Video games have a come a long way since the days of coin arcades and sitting on the couch with your best friends and sharing controllers. These days all roads lead to the internet for gaming – just look at the phenomenon of Fortnite or any other of the other massively popular current racing or shooter games. So it makes perfect sense that the highly anticipated follow-up to the enjoyable animated film Wreck-It Ralph is appropriately titled Ralph Breaks the Internet, and sees its heroes venturing out into the immense world of the net.
John C. Reilly reprises his role as the fictional classic video game villain and lovable doof Ralph, alongside Sarah Silverman’s return as Ralph’s best friend – the sassy/sweet racer Vanellope. Life has been simple and easy since their first big adventure and Ralph couldn’t be happier, while Vanellope, on the other hand, is starting to feel a little bored with their comfortable, repetitive daily life.
After Vanellope inadvertently causes the real-life steering wheel on her Sugar Rush arcade game to be irreversibly damaged, the petite racer and her in-game inhabitants find themselves homeless. Since Sugar Rush is no longer in production, Ralph and Vanellope must travel through their arcade’s newly installed internet to find the rare replacement wheel. If it’s not delivered to their arcade within the week, Vanellope’s game will be scrapped for spare parts.
Ralph Breaks the Internet is successful in capturing most of the elements that made the original a solid hit for audiences – lots of character cameos, witty genre in-jokes, and a heaping of heart from its main characters. The film is not successful in wrangling the wealth of opportunities that the internet setting provides for potential characters and stories. Certain sections in the film feel like an extended ad for Disney properties or just the highest bidders that wanted their company name in the movie.
O’Reilly and Silverman’s chemistry really carries the weight of the story though, and their relationship is the most nuanced and complicated plot element of either film. Surprisingly Ralph Breaks the Internet does not really have a main villain: the whole crux of film is refreshingly focused on their friendship and how it has to evolve so they can both be happy. This decision to drop a true blue villain in favor of character development gives more time to explore the worlds and focus on Ralph and Vanellope, rather than spending precious screen time on origins and motivations of a bad guy threat.

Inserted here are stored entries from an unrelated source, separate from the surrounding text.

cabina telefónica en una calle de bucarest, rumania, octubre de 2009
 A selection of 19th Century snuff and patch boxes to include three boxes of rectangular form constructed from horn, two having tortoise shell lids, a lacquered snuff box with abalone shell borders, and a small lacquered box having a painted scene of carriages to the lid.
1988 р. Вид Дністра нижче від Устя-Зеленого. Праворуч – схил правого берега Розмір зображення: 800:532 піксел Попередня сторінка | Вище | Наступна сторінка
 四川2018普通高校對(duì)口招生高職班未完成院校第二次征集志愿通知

Not that Ralph Breaks the Internet doesn’t add characters to its main cast. Gal Gadot joins as infamous racer Shank from the violent game Slaughter Race, and Taraji P. Henson is Yesss, an algorithm mogul in charge of fictional trending video site BuzzTube. Gadot stands out the most and is quite endearing as a pseudo-mentor for Vanellope, but both actresses do nice work in very limited screen time.
As mentioned earlier, one of the bigger downfalls of the film is one of its greatest assets – all the different properties Ralph Breaks the Internet was allowed to play with in the movie. The introduction of the internet world felt like a five-minute long commercial for every major app, online shopping service or social media site out there crammed over way too much visuals for the brain to process.

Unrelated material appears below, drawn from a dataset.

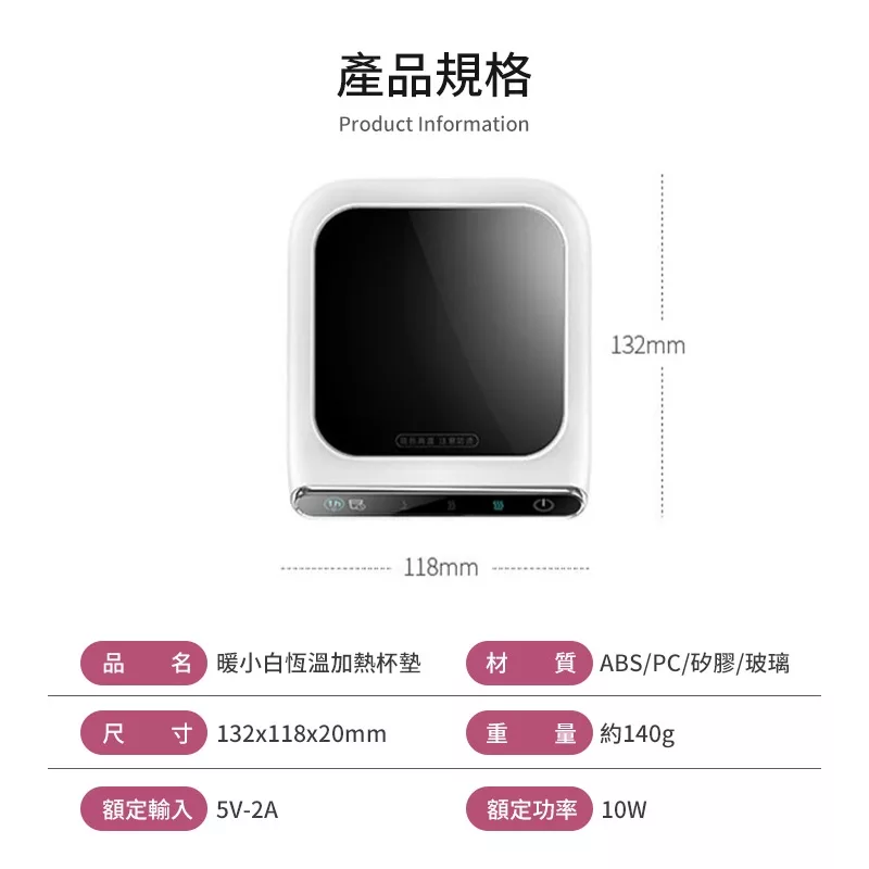 【商品規格】 材質:塑料、矽膠、玻璃 重量:約140g 尺寸:132 X 118 X 20mm 數量:1入 額定電壓:DC 5V/2A 額定功率:10W 供電方式:USB供電 產地:中國 面板溫度:三檔調溫(約70度C/90度C / 110度C) 【使用步驟】 1. 將暖小白USB插口連接5V/2A以上的充電頭或設備,機器會發出“嗶”聲,表示通電完成。 2. 輕觸右邊電源鍵,“嗶”聲後中間三個加熱符號會同時閃動。若底座沒放上水杯也會呈現閃爍並停止加熱。 3. 放上杯子,自入進入一檔加熱,再次輕觸電源鍵可依序切換二檔/三檔/關閉。 4. 加熱時,輕觸左邊杯子符號,可開啟一小時定時提醒喝水,再次輕觸杯子符號,關閉喝水提醒。 【注意事項】 1. 暖小白有重力感應加熱安全設定,面板上的杯子需重150g。放上杯子開始加熱,拿起杯子停止加熱。 2. 切换所有開關/加熱檔次/提醒喝水時,面板上需有杯子。 3. 本產品為恆溫保溫杯墊,並無飲品加熱功效。 4. 請務必使用輸出電壓足DC 5V/2A的充電器,以免影響保溫效果。 【退換貨服務】 鑑賞期非試用期,退回產品必須是全新狀態且包裝完整 ( 保持產品、附件、包裝、廠商紙箱及所有附隨文件或資料之完整性 ) 。 【購買注意事項】 網路店所售出的商品僅可在網路店進行退換貨服務,將無法在全國佳瑪實體門市進行退換貨、退款服務。若與實體門市價格不同時,請以網站公告為主。

After sitting through that extremely egregious, self-indulgent sequence I was ready to tag this movie as a weak cash grab. Luckily the film won me back with some much more clever uses of properties on a Disney fansite that had characters from Star Wars, Marvel, Pixar and some laugh out loud scenes with all of the Disney princesses, most voiced by their original actresses.
Ralph Breaks the Internet earns its place alongside the first film with plenty of genuine laughs and incredible visuals all situated in multiple levels of nostalgia. Yet the film just isn’t as clever or unique as the first outing, but fans of the first will still highly enjoy logging in for another adventure with these characters in this follow-up.